PrivISAC advances privacy assurance in ISAC by using randomized spatial perturbations and coordinated resource selection, achieved via lightweight hardware and scalable optimization. The approach maintains communication quality and supports authorized sensing functionality, validated via extensive prototyping and experimentation (He et al., 8 Jan 2026, Åkesson et al., 2024).

Tradeoffs exist: higher power budgets can reduce privacy efficacy in cell-free MIMO; increasing receiver resources supports privacy without meaningful sensing degradation; dynamic resource (AP/RIS) reconfiguration may add coordination overhead but yields sustained privacy benefits across time-coherent intervals.
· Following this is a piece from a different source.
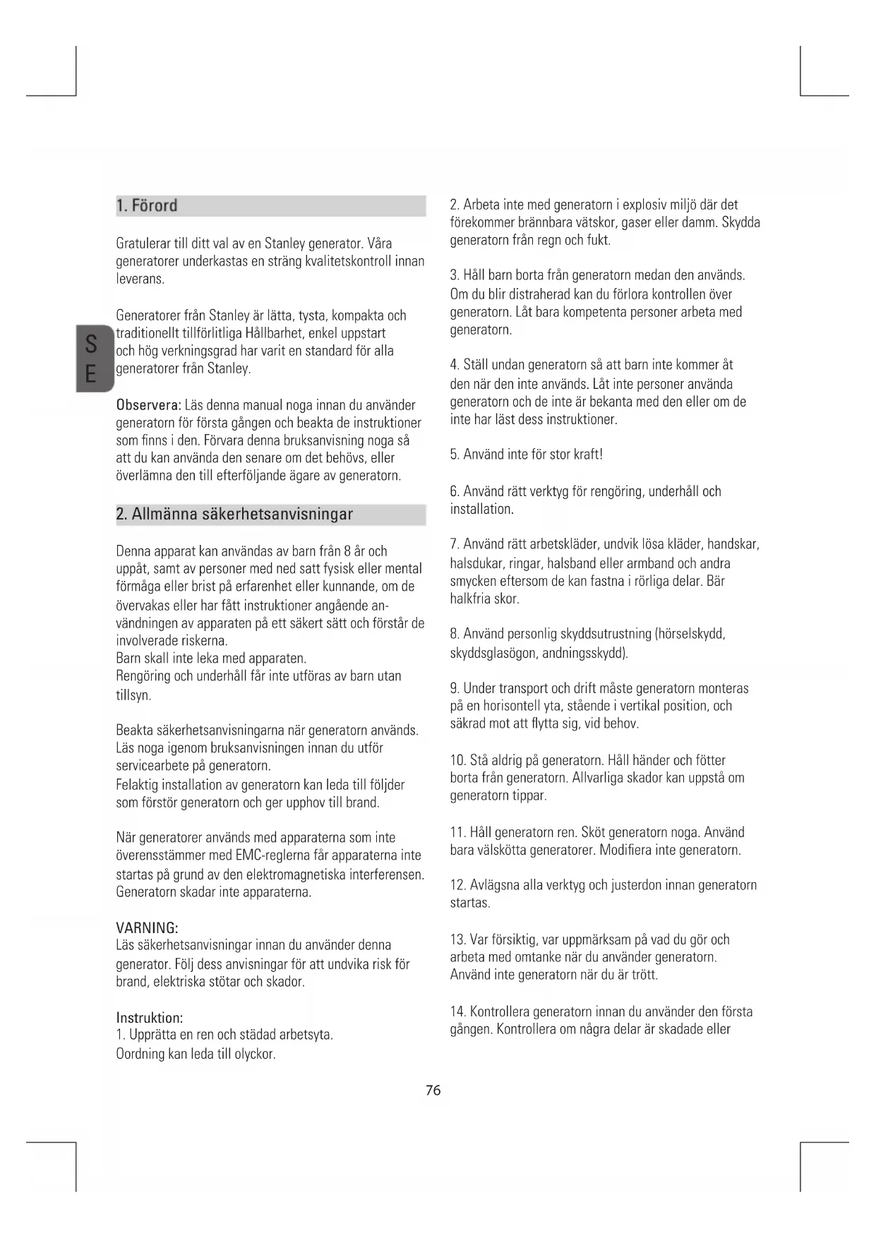 Gratulerar till ditt val av en Stanley generator. Våra generatorer underkastas en sträng kvalitetskontroll innan leverans. Generatorer från Stanley är lätta, tysta, kompakta och traditionellt tillförlitliga Hållbarhet, enkel uppstart och hög verkningsgrad har varit en standard för alla generatorer från Stanley. Observera: Läs denna manual noga innan du använder generatorn för första gången och beakta de instruktioner som finns i den. Förvara denna bruksanvisning noga så att du kan använda den senare om det behövs, eller överlämna den till efterföljande ägare av generatorn.

A plausible implication is that PrivISAC principles may extend to future ISAC systems with higher-dimensional RIS, 1-bit phase quantization, or even distributed MIMO architectures, provided core masking and optimization concepts are adapted for corresponding hardware constraints and adversarial models. Limitations remain under exceedingly high power or hardware-imposed phase granularity, where privacy-sensing separation is less tractable.

Researchers deploying ISAC architectures should consider PrivISAC-compatible strategies as robust countermeasures against passive and active privacy threats, with empirical and theoretical privacy guarantees under realistic deployment conditions.